There’s been talks about how the blue moon is going to appear tomorrow, too. Celestial activity, especially infrequent ones, have always been so magical to me. I think fantastic things happen when these events present their majesty to us. And I’m learning that the more we pay attention to them, the more we realize how proximate they really are to our existence – that these magical events actually happen pretty often – they’re just dressed differently. All the more variety for our awe and reverence.
I love full moons – how bright they shine, how near they sometimes appear to the ground, how big they can be, and how they feel like such an ominous yet gracious creature. And blue moons give us the gift of this beauty twice in the same month. I couldn’t feel more providential.

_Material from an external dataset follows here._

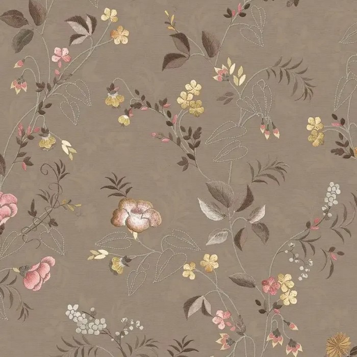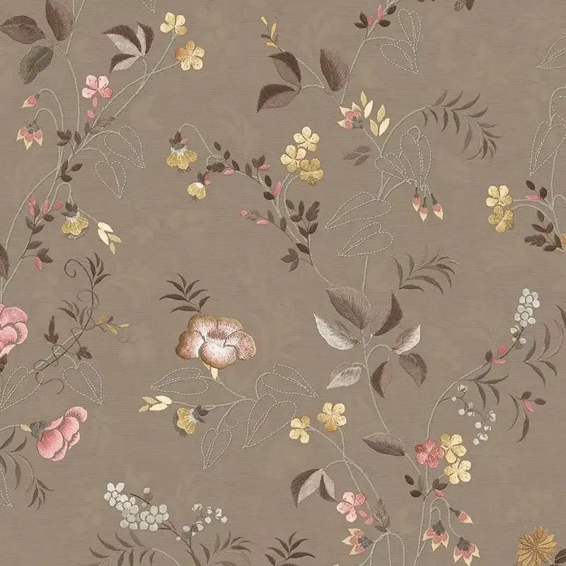Papel pintado romántico con pequeñas flores japonesas en beige grisáceo, ideal para un ambiente delicado y sereno. Pip Studio de Eijffinger, papel de pared calidad tejido no tejido lavable. Medidas: 52 cm x 10 metros

It’s also pretty cool to note that the blue moon is happening on Halloween night. This holiday has always been of interest to me. I think that the establishment of a connection with the spiritual world and how we wish to revere those who have taken on an other than corporeal form is a welcome tribute to the mystery, enchantment, and fascination that humans have always attributed to other realms of being. These connections are always intriguing and spark an interest in me and in a lot of different ways.
Whoever is up there making sure the heavens give us enough light, I thank you. Thank you for the nourishment that goes beyond the physical. Thank you for continuously providing your magic. Thank you that by merely showing up, you make our lives all the more enthralling, exquisite, magnificent.